Newsletter #5

Newsletter #5

This week we had our first milestone for the project and it was the first wide-scale opportunity for us as a team to elicit feedback from the faculty as a whole. We spent the first half of the week preparing for our presentation, along with preparing our room for the faculty walkaround. On Saturday the four of us attended a CNC Routing workshop to familiarize ourselves with the tools for routing on the mill.

Our team also received some good news this week: We were selected to receive a microgrant from the The Frank-Ratchye Fund for Art @ the Frontier! We’re excited about this development because the grant will help us move forward to fabricating our installations in the second half of the semester.

Quarters, the First Milestone
Small groups of faculty spent about 20 minutes each in our project room, listened to a short overview of our project, and then spent the rest of the 20-minute period offering feedback. Feedback was generally positive regarding our project and the faculty seems really excited with our ideas so far.

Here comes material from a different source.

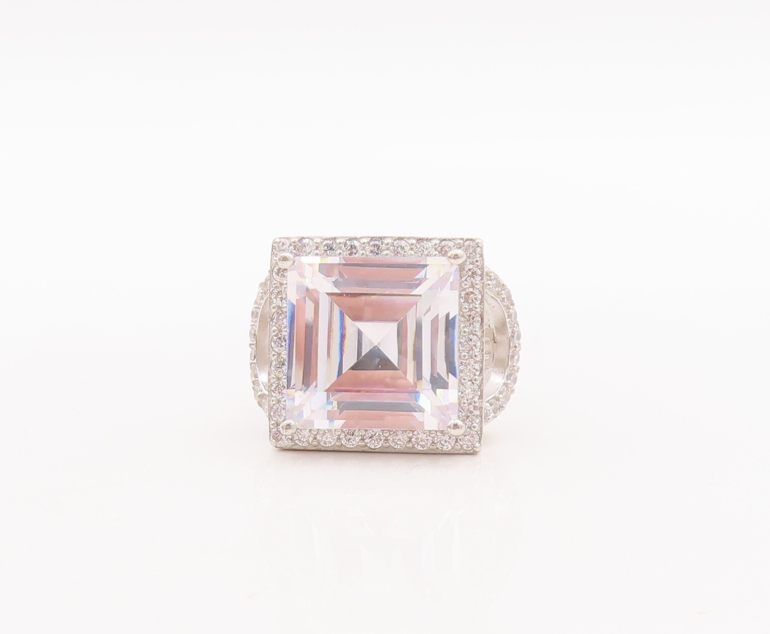 925 Sterling Silver Vintage Ring Cutout Square Cut CZ Inlay Sz 5 RG28758

Overwhelmingly, the faculty gravitated toward our Jars concept because they instantly understood it and connected with it. The Scales idea was tougher to communicate and the faculty expressed that they just didn’t care much about it. One issue with it is that while it absorbs information about a space, it displays that information back in a different language in a format that isn’t the most pleasing to the eye.

The faculty encouraged us to dig deeper in the Jars concept, to find a more apt title, and to consider how it would be used in a long term. We also received many recommendations to submit this idea to conferences such as SIGGRAPH Emerging Technologies. Needless to say, we are excited about the reception and eager to move forward!

Looking Forward
After Quarters, we sat down as a team to process through the feedback. We feel good about stepping away completely from the Scales project for now so we can focus on Jars. It’s important for us to deepen the experience and figure out how to really capture what intrigues people about the concept. We’re also fleshing out our third idea: the Lonely Column. There’s a column on the first floor of the building that is generally ignored because of the traffic that goes on around it. We want to make people become aware of it, and in effect generalize that awareness so that people become more conscious of the spaces that they walk through.

Current Challenge
Our biggest challenge right now is a technically problem. The sound modules that Jason had found are not recording and playing back audio at a decent quality. The recording sounds slightly garbled, and if we want to make the Jars concept then we will need the voices to be clearly heard inside of the jar.